Published: 01/02/2016
By: larry

WaynesKit-300x225Dean asked the following question last week:

I am wondering what the typical setup is for photographers arriving at a photo shoot. How much equipment do people really bring for their typical bread and butter shoot? My concern is if I show up hauling a wagon load of gear up to the front door does that show professionalism, or will it immediately set the agent to tapping her wrist watch? Just because you can, should you?

Don't worry about "showing professionalism". You should just focus on getting great results in minimum time. But the fact is that you don't need to carry a wagon load of gear.

What you carry to a shoot depends somewhat on your style of shooting:

  1. To shoot brackets (HDR or Enfuse) with no flash all you need is a sturdy tripod and a camera. A minority of PFRE readers use this technique because dealing with color artifacts created by this technique in post-processing is challenging.

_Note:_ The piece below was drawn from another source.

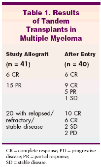 SEATTLE-A two-stage procedurethat combines high-dose chemotherapywith autologous stemcell transplantation (SCT) with animmunosuppressive (but notmyeloablative) allogeneic SCT inmultiple myeloma improves completeresponse rate and decreasestreatment-related mortality.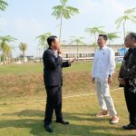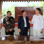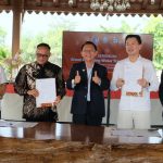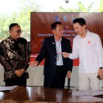 Chief Bussines Officer PT. Bank Hibank Indonesia Rudy Gomedi (kedua kanan) bersama Direktur Utama PT. NBF Tirta Sejahtera dan PT. Bintang Mahameru Sejahtera Saipul Anwar (kedua kiri), disaksikan Bupati Kabupaten Bekasi Dani Ramdan (tengah), Direktur Utama Perumda Tirta Bhagasasi Reza Lutfi (kanan), dan Direktur Utama Perumda Tirta Patriot Ali Imam Fariadi (kiri) menunjukkan nota kesepakatan kerja sama di Metland, Kabupaten Bekasi, Jawa Barat, Senin (29/7/2024). PT Bank Hibank Indonesia bekerja sama dengan PT Bintang Mahameru Sejahtera, PT NBF Tirta Sejahtera, dan Perusahaan Umum Daerah (PERUMDA) mendukung Green Financing memberikan pembiayaan pembangunan proyek Water Treatment Plant di Bekasi yang bertujuan untuk menyediakan akses air bersih bagi masyarakat.

About 14% of PFRE readers use this technique (See PFRE lighting poll).
  2. When shooting brackets, to get the very best results and minimize your post-processing time, one small manual flash is important. For maximum flexibility, a light stand or monopod that you hold is best although some mount the flash on-camera. About 13% of PFRE readers use some variation of this technique.
  3. When shooting with small flashes, you don't need a big light stand for each flash. A couple of small light stands is adequate. Flashes can be put on the top of doors, held with your hand and some use a "flash on a stick" (monopod that is held in your hand). About 46% of PFRE readers shoot with small flashes.

Wayne Capili, one of the best in this business (uses #3 above) and did a guest post back in September talking about the gear he uses. Wayne's kit is shown above. Click on the photo of Wayne's camera bag (Lowepro hard side 200) to read the details. Besides the very small case of gear, Wayne probably carries a tripod, light stand or two all of which one could carry under one arm with a shoulder bag. So just because you shoot with small flashes doesn't mean your need a lot of gear.

16 comments on “Do Real Estate Photographers Need To Carry A Wagon Load Of Gear?”

  1. Until June of 2014, I carried three bags and a heavy tripod. My bags wore out after more than twenty years of use. I was in Costco one day for lunch and they had a display of airplane under seat bags for $30. I bought two, one for flash stuff and one for cameras and lenses. These bags have wheels on them and a telescoping handle. I cut up carpet padding to make pockets and padded liners for the flashes, extra batteries and flash accessories. Did the same for the camera bag and added the lens-camera pack from my very old Domke bag. The bags are made of nylon and have held up very well. I switched to my lighter 30 year old Bogen tripod and generic Chinese ball head. Yes, I've been told I need a $500+tripod and geared head to make my job easier but what I had worked perfectly and just as fast. It got even lighter when I switched my DSLR to the Sony A6000. After over a year and a half, these bags have held up very well, they still look great and so much easier to move around than my old bags.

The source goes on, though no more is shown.